BanglaMM-Disaster: A Multimodal Transformer-Based Deep Learning Framework for Multiclass Disaster Classification in Bangla
Ariful Islam, Md Rifat Hossen, Md. Mahmudul Arif, Abdullah Al Noman, Md Arifur Rahman
TL;DR
BanglaMM-Disaster tackles real-time disaster classification for Bangla social media by fusing textual descriptions with corresponding images. It proposes an end-to-end multimodal pipeline that couples transformer-based text encoders with CNN visual features via early fusion, evaluated on a new 5,037-sample, 9-class Bangla disaster dataset. The best configuration achieves 83.76% accuracy, surpassing text-only and image-only baselines by 3.84% and 16.91%, respectively, and exhibits cross-modal benefits across disaster categories. The work demonstrates practical potential for rapid disaster monitoring in low-resource settings and suggests future enhancement with attention-based fusion and graph-based cross-modal reasoning.
Abstract
Natural disasters remain a major challenge for Bangladesh, so real-time monitoring and quick response systems are essential. In this study, we present BanglaMM-Disaster, an end-to-end deep learning-based multimodal framework for disaster classification in Bangla, using both textual and visual data from social media. We constructed a new dataset of 5,037 Bangla social media posts, each consisting of a caption and a corresponding image, annotated into one of nine disaster-related categories. The proposed model integrates transformer-based text encoders, including BanglaBERT, mBERT, and XLM-RoBERTa, with CNN backbones such as ResNet50, DenseNet169, and MobileNetV2, to process the two modalities.
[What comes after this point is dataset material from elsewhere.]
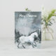 Um ditado personalizável, cartão de Feliz Natal com um cavalo branco pintado à aguarela contra uma floresta de madeira de inverno ao crepúsculo. A parte de trás do cartão apresenta um fundo opaco para escrever uma nota.

Using early fusion, the best model achieves 83.76% accuracy. This surpasses the best text-only baseline by 3.84% and the image-only baseline by 16.91%. Our analysis also shows reduced misclassification across all classes, with noticeable improvements for ambiguous examples. This work fills a key gap in Bangla multimodal disaster analysis and demonstrates the benefits of combining multiple data types for real-time disaster response in low-resource settings.